Don’t get me wrong; I’m crazy about my kids, but every summer I’m faced with a dilemma. It only takes a couple of days before my angelic children are stricken with the dreaded I’m Bored Syndrome. Deep down, I knew that I needed to maintain some structure and a sense of routine during the summer to prevent my kids from bouncing off the walls and keep myself from going bonkers. But when I thought about structure and routine, I kept picturing myself blowing a whistle “Captain Von Trapp-style” and marching kids in lederhosen around the backyard. I knew if I tried something like that, there would be mutiny in the Mosteller house. So, after weeks of desperate brainstorming, I hit upon the solution—Summer Learning Adventures of the Mostellers, lovingly dubbed “SLAM.” It literally saved our summer; here’s how it worked for us.

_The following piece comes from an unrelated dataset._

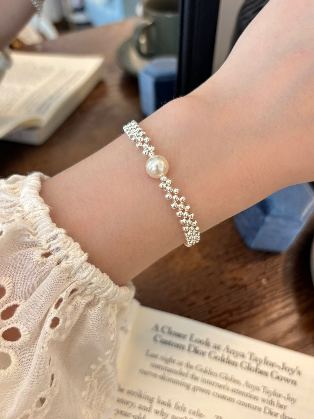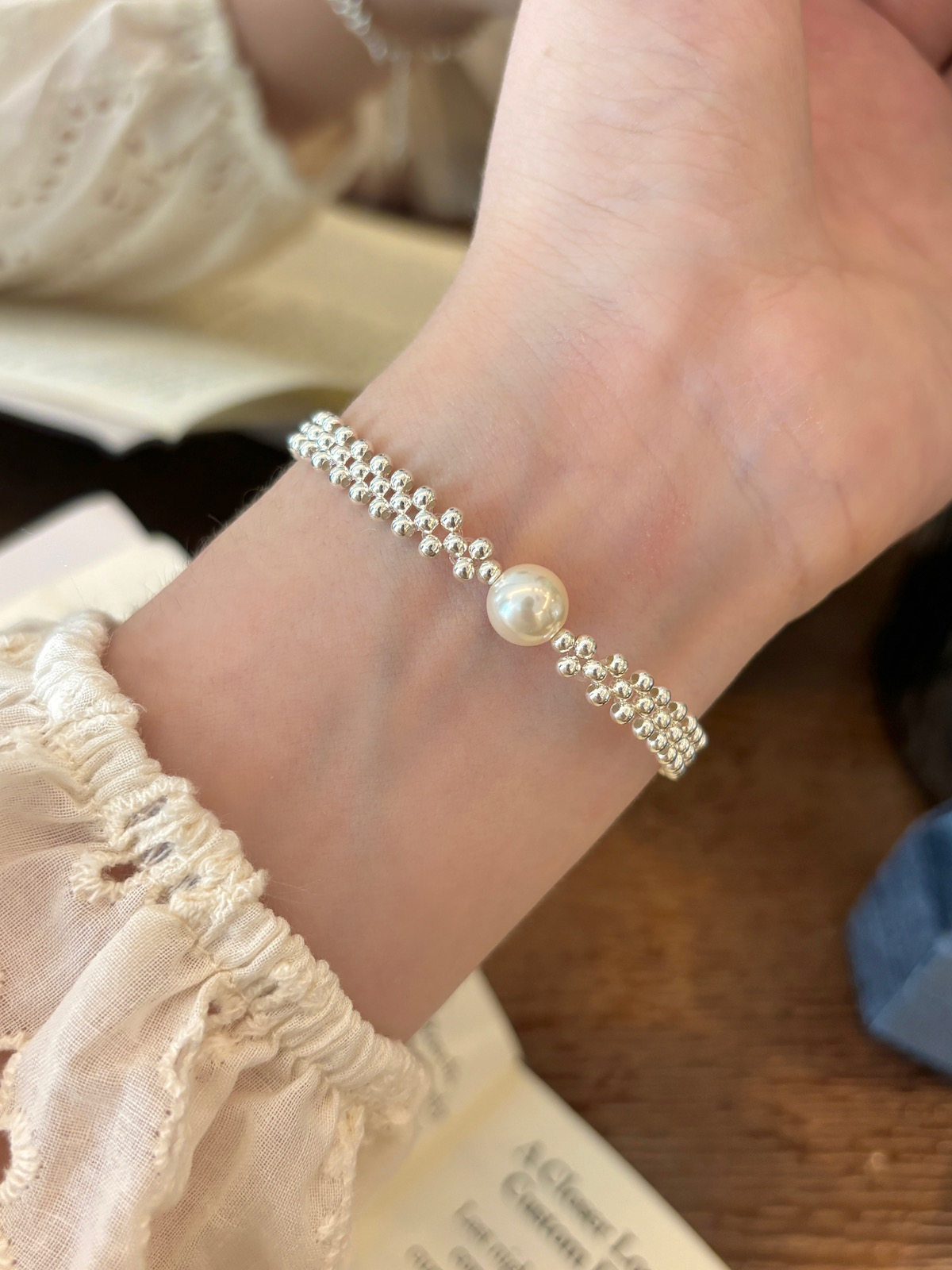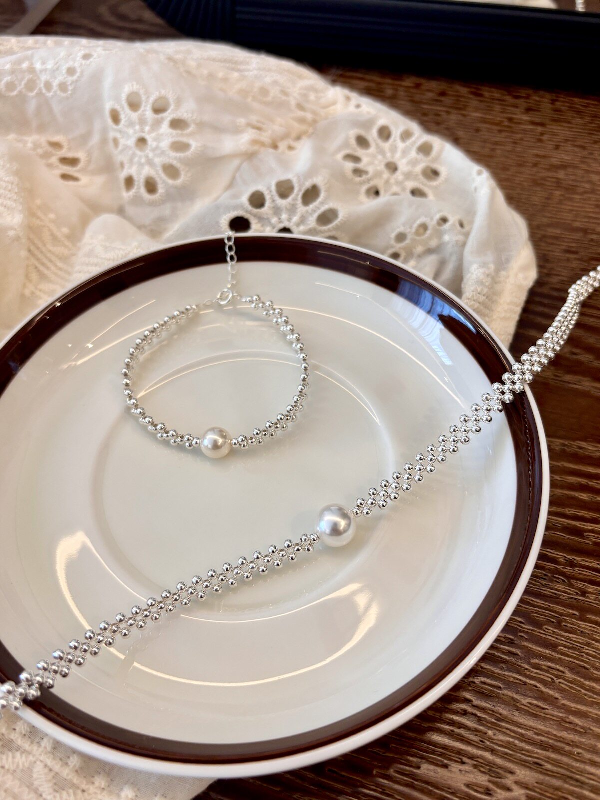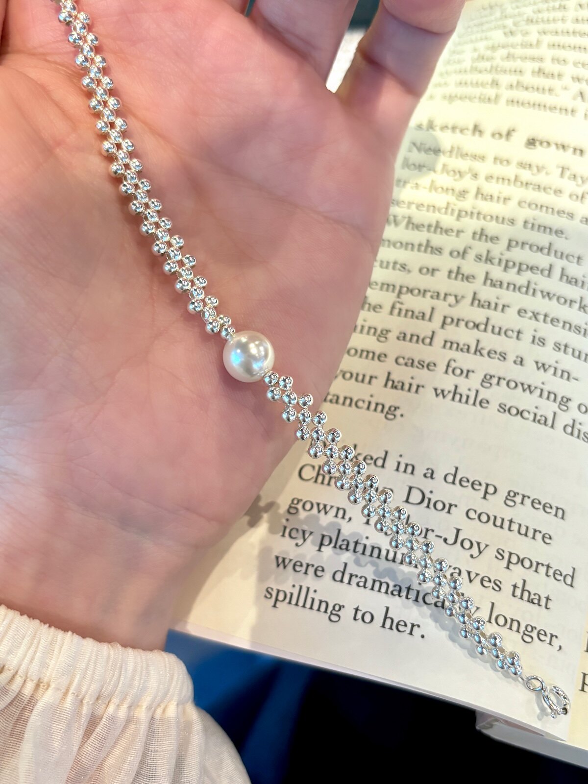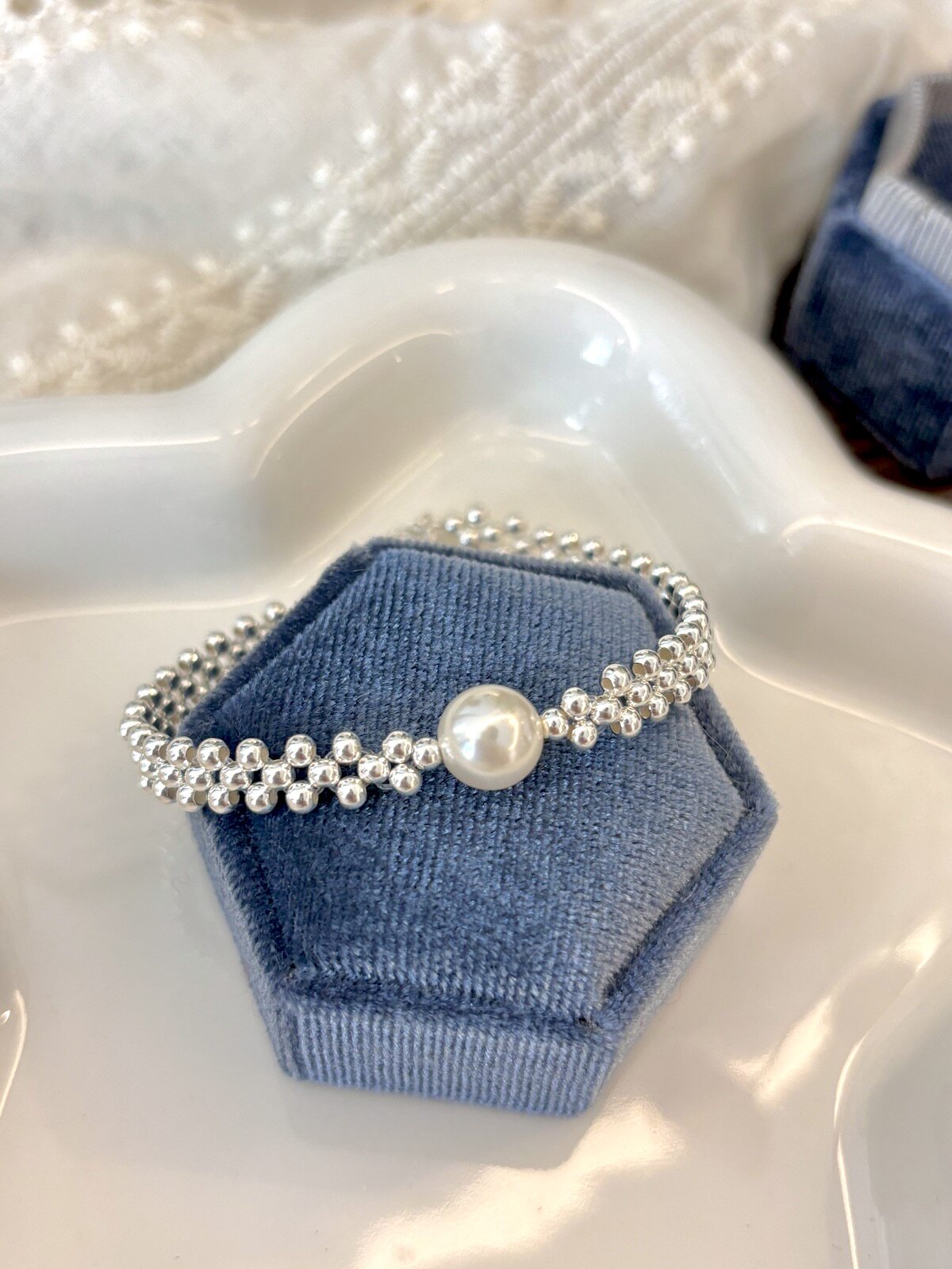 925 Sterling Silver Lace Pearl Bracelet for Women, Light Luxury, Versatile, Niche Design, ins Design-Inspired Friendship Jewelry, Light Luxury, Vintage

For starters, the kids were thrilled to have a summer named after them. That alone was an improvement! We started doing our homework before school was out so we’d be ready to hit the ground running. Since both kids helped plan SLAM, we knew we had activities and projects they were sure to enjoy. First, we chose categories for SLAM activities, such as crafts, cooking, science, field trips, and brain bucks. The brain buck category was my sneaky way of making sure the kids stayed sharp on their academic skills. I designed some simple brain bucks on the computer and handed them out for independent reading, practicing multiplication facts, writing, etc. Brain bucks were worth twenty-five cents and could be spent at the kids’ favorite bookstore.
After we selected our categories, we searched the library and Internet for project ideas. We discovered this was almost as much fun as actually doing the projects—like window shopping for the brain! The hard part was narrowing down our huge list of things we wanted to do so we could squeeze it into one summer. We chose our favorite projects, from painting with marbles and making our own slime, to baking polvorones (yummy little Mexican treats) and taking nature hikes. We had a lot of variety in our list, and each kid got to make several choices.
We also scouted out local points of interest for fun and inexpensive field trips and ended up going places we’d never been before. We visited a nature conservatory, a butterfly show, museums, a hands-on children’s garden, and we found the perfect Tarzan tree on an impromptu nature hike. Who had time for television? There was a city to explore!